Task to carry out
Would you return the lines that run from the start of the data below to the line with "以下养车费用都是以入门车型为", both included, exactly as written and without pictures?

[Dataset records]
****

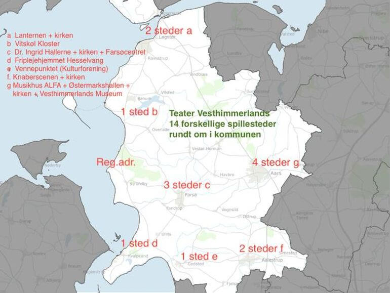 I vores egen teaterforening Teater Vesthimmerland viser vi fx i indeværende år i alt 11 forskellige forestillinger, nogle med flere opførelser, så i alt 16. Disse vises 14 forskellige steder rundt om i kommunen. Vi viser teater for skolebørn, konfirmander, ungdomsuddannelser, voksne, plejehjemsbeboere, også for tilfældige handlende/turister, når der er gadeteater.
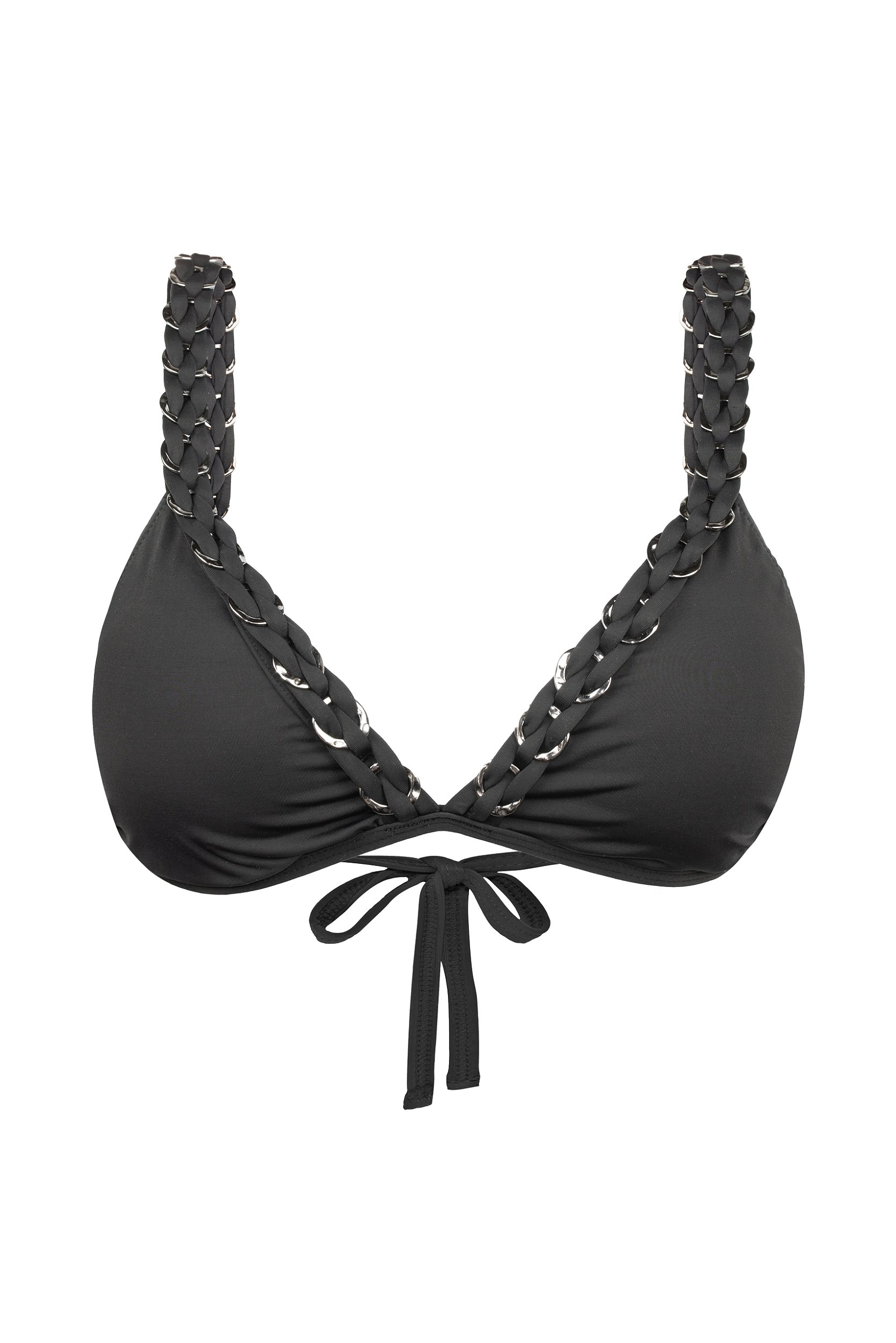 Top com modelagem triangular com cós fixo. Alças com detalhe feito à mão, de argolas de metal na cor ônix entrelaçadas com tecido. Possui bojo removível. Confeccionado em tecido macio e confortável, de rápida secagem, composto por poliamida e elastano. Possui forro duplo.
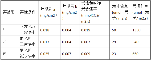 (注:光的补偿点是植物的光合强度和呼吸强度达到相等时的光照度值;光合作用不再随光照增强而加快时的光照强度,就是光合作用的光饱和点;乙、丙两组的弱光照均为15%的正常光照;丙组减少供水为50%的正常供水)
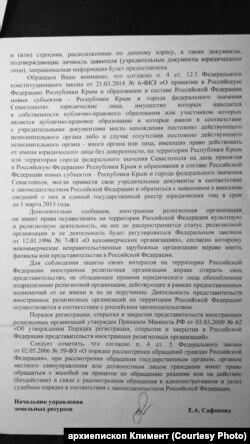 После российской аннексии, продолжил священнослужитель, он попытался переоформить эту землю по российскому законодательству, но этого так и не получилось сделать. Позже на эту землю начали претендовать в Римско-католической церкви.
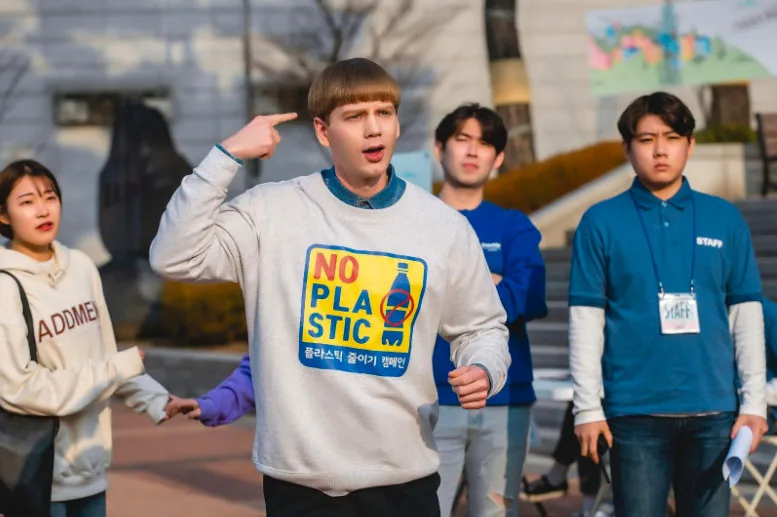 Han Hyun-min’s character also shares his name and is the same age as him. Han Hyun-min shared that his character “commutes from the city of Icheon and it takes five hours. That’s why he tries to stay at the dormitory. He’s a very pure and innocent soul.” As a Korean, he’s not able to stay at the international dormitory, but he sneaks his way in due to the difficult commute. Despite facing challenging and funny situations frequently, Hyun-min maintains his determination and positivity.
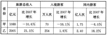 材料二:甲、乙两省份2008年旅游业数据统计表
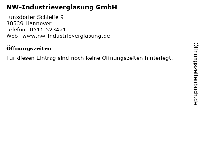 | Öffnungszeiten NW-Industrieverglasung GmbH in Hannover anzeigen | |
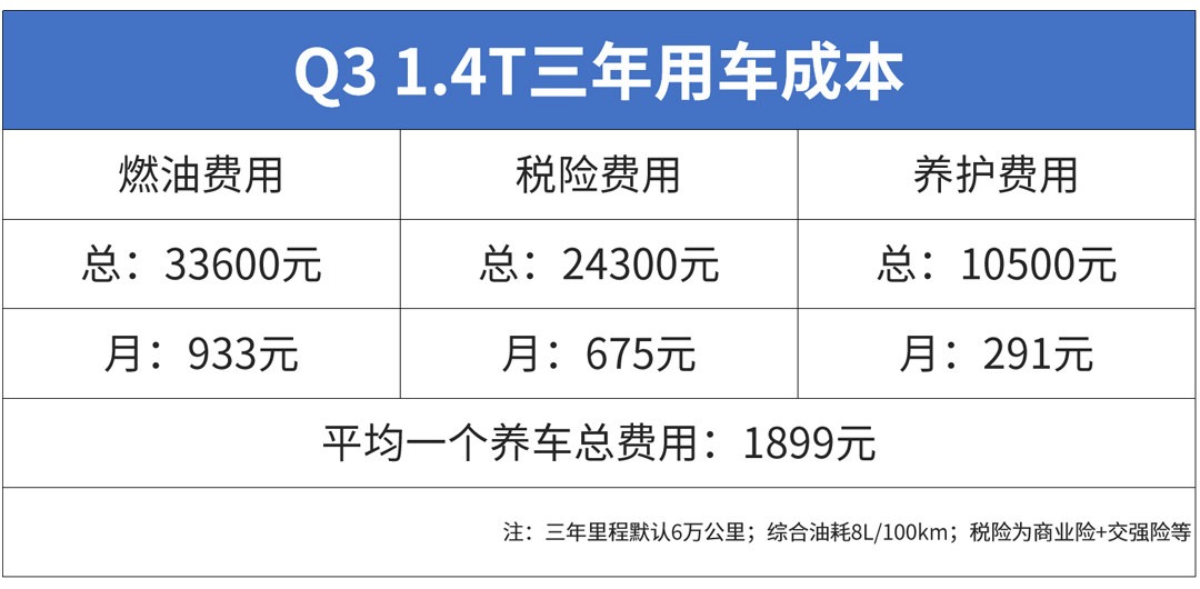 以下养车费用都是以入门车型为主,默认三年行驶里程为6万公里,大家可以看到奥迪Q3平均月养车费用在1900元左右,2.0T车型会突破2000元。这样的花费也就比普通的B级车多那么300-500元,看来豪车的后期养护也没有这么贵嘛。
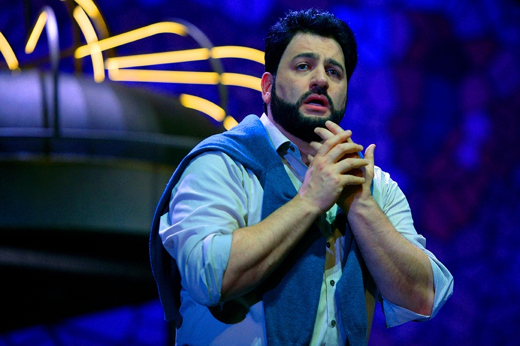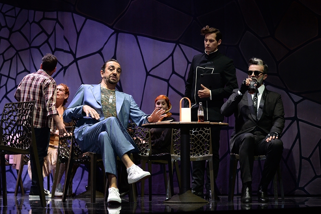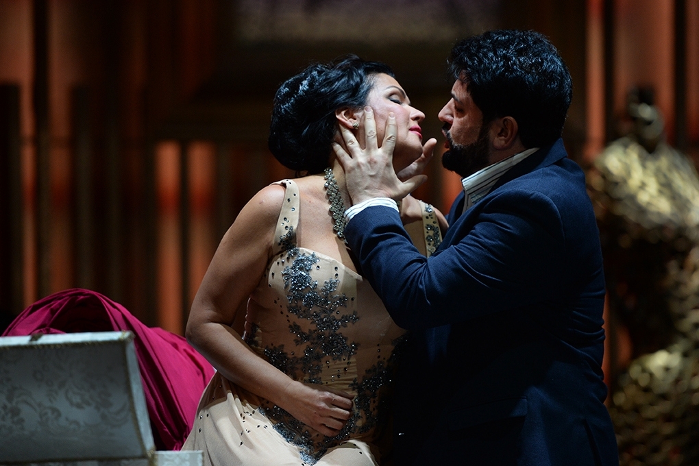 Režisér do centra pozornosti realisticky postavil svět umělců. 30. dubna už v úvodních, efektních, živelně rozehraných scénách se sólisty a s velmi dobrým Chœur de l´Opéra de Monte-Carlo (sbormistr Stefano Visconti) v prostředí venkovního baru, kde introvertní Manon poznává sebevědomého a zábavného studenta Des Grieux, strhl na sebe dle očekávání velkou pozornost manželský pár Anna Netrebko a Jusif Ejvazov. Z interpretace pěvkyně dýchala lehkost, grácie, vnitřní hloubka, koketérie a srdečnost. Projev pěvce byl z počátku radostný, zábavný, koketní a vřelý. V temnějším dramatickém vokálu prosvěcovaly jasně i jeho syté zářné vyšší polohy. Do děje vnesl hned z počátku mladistvý elán dobrý portugalský tenorista Luis Gomes, který extrovertně ztvárnil Edmonda. V pozadí baru byl výjev krásné mozaiky symbolizující Manoninu tvář. Ve druhém jednání se Manon v pojetí režiséra stane múzou pro Géronta, který je výjimečným sochařem, tvořícím se zápalem nové instalace žen. Géronta de Ravoir ztvárnil velmi dobrý italský basista Alessandro Spina. Sebestředného umělce zahrál znamenitě.

****

Written answer
 I vores egen teaterforening Teater Vesthimmerland viser vi fx i indeværende år i alt 11 forskellige forestillinger, nogle med flere opførelser, så i alt 16. Disse vises 14 forskellige steder rundt om i kommunen. Vi viser teater for skolebørn, konfirmander, ungdomsuddannelser, voksne, plejehjemsbeboere, også for tilfældige handlende/turister, når der er gadeteater.
 Top com modelagem triangular com cós fixo. Alças com detalhe feito à mão, de argolas de metal na cor ônix entrelaçadas com tecido. Possui bojo removível. Confeccionado em tecido macio e confortável, de rápida secagem, composto por poliamida e elastano. Possui forro duplo.
 (注:光的补偿点是植物的光合强度和呼吸强度达到相等时的光照度值;光合作用不再随光照增强而加快时的光照强度,就是光合作用的光饱和点;乙、丙两组的弱光照均为15%的正常光照;丙组减少供水为50%的正常供水)
 После российской аннексии, продолжил священнослужитель, он попытался переоформить эту землю по российскому законодательству, но этого так и не получилось сделать. Позже на эту землю начали претендовать в Римско-католической церкви.
 Han Hyun-min’s character also shares his name and is the same age as him. Han Hyun-min shared that his character “commutes from the city of Icheon and it takes five hours. That’s why he tries to stay at the dormitory. He’s a very pure and innocent soul.” As a Korean, he’s not able to stay at the international dormitory, but he sneaks his way in due to the difficult commute. Despite facing challenging and funny situations frequently, Hyun-min maintains his determination and positivity.
 材料二:甲、乙两省份2008年旅游业数据统计表
 | Öffnungszeiten NW-Industrieverglasung GmbH in Hannover anzeigen | |
 以下养车费用都是以入门车型为主,默认三年行驶里程为6万公里,大家可以看到奥迪Q3平均月养车费用在1900元左右,2.0T车型会突破2000元。这样的花费也就比普通的B级车多那么300-500元,看来豪车的后期养护也没有这么贵嘛。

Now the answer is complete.